— Task to complete —
For the data below, transcribe the part that opens with the line containing "生徒会通信の写真撮影を7時44分ごろ行っていました。 生徒会通信をお楽しみに" and closes with the line containing "Iniziativa sull’autismo dell’Istituto", exactly and with no pictures.

— Listed records —
- - - -
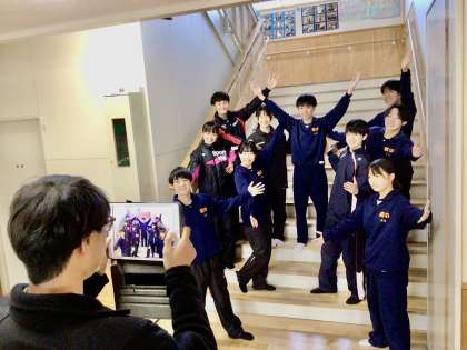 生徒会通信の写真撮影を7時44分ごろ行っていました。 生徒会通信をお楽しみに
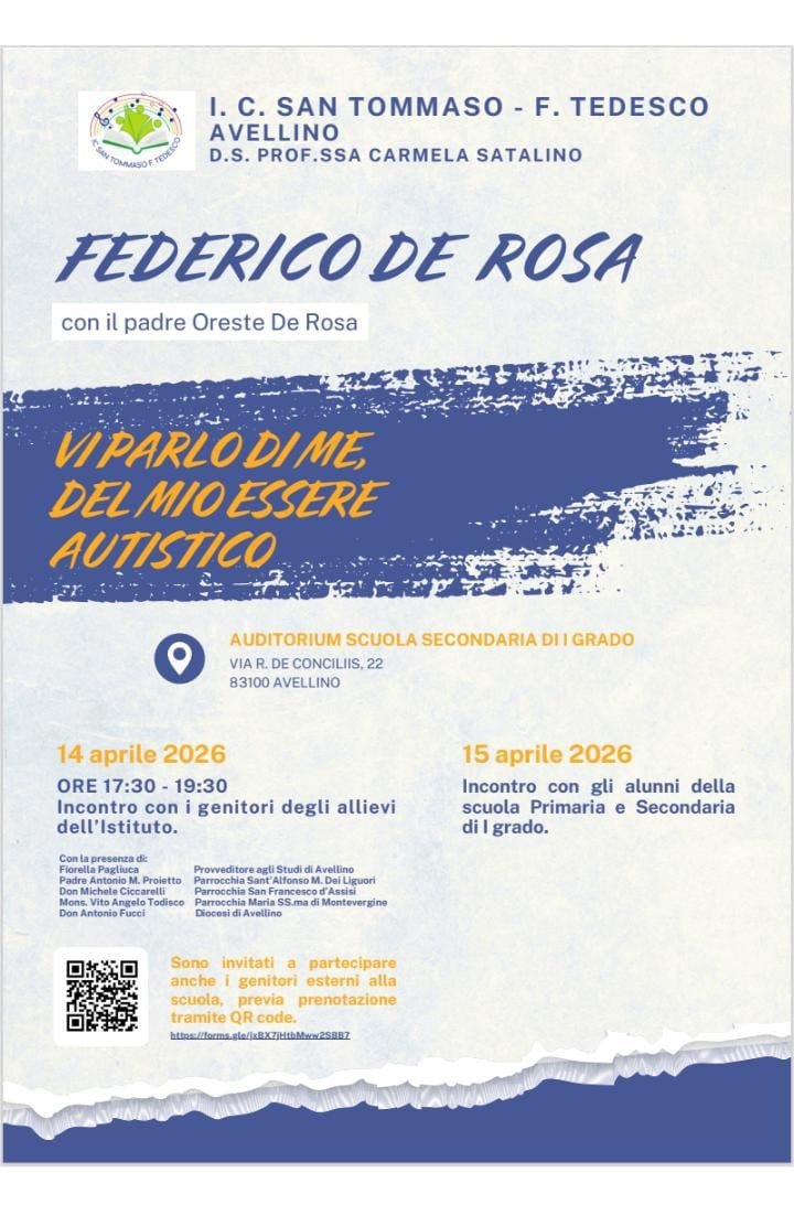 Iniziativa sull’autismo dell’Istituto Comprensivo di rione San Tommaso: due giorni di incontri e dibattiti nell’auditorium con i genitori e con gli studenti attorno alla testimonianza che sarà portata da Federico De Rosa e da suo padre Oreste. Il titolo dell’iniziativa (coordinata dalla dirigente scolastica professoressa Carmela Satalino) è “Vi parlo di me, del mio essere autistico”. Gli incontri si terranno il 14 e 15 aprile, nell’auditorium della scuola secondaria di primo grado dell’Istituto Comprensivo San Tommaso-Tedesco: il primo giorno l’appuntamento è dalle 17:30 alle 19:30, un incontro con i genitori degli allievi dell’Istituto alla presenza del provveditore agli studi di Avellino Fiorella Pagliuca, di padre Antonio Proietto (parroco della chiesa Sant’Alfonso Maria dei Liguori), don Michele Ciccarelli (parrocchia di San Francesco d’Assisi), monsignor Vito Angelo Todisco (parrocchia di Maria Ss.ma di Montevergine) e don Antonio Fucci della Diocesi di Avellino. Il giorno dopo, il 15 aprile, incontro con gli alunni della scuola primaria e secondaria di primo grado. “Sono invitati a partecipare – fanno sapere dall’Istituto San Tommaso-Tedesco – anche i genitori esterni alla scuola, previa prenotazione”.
- - - -
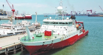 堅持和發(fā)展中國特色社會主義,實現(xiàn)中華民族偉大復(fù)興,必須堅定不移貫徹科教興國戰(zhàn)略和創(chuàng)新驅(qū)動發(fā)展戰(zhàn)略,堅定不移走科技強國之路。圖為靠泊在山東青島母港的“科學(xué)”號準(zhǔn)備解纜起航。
- - - -
— Result of this task —
 生徒会通信の写真撮影を7時44分ごろ行っていました。 生徒会通信をお楽しみに
 Iniziativa sull’autismo dell’Istituto Comprensivo di rione San Tommaso: due giorni di incontri e dibattiti nell’auditorium con i genitori e con gli studenti attorno alla testimonianza che sarà portata da Federico De Rosa e da suo padre Oreste. Il titolo dell’iniziativa (coordinata dalla dirigente scolastica professoressa Carmela Satalino) è “Vi parlo di me, del mio essere autistico”. Gli incontri si terranno il 14 e 15 aprile, nell’auditorium della scuola secondaria di primo grado dell’Istituto Comprensivo San Tommaso-Tedesco: il primo giorno l’appuntamento è dalle 17:30 alle 19:30, un incontro con i genitori degli allievi dell’Istituto alla presenza del provveditore agli studi di Avellino Fiorella Pagliuca, di padre Antonio Proietto (parroco della chiesa Sant’Alfonso Maria dei Liguori), don Michele Ciccarelli (parrocchia di San Francesco d’Assisi), monsignor Vito Angelo Todisco (parrocchia di Maria Ss.ma di Montevergine) e don Antonio Fucci della Diocesi di Avellino. Il giorno dopo, il 15 aprile, incontro con gli alunni della scuola primaria e secondaria di primo grado. “Sono invitati a partecipare – fanno sapere dall’Istituto San Tommaso-Tedesco – anche i genitori esterni alla scuola, previa prenotazione”.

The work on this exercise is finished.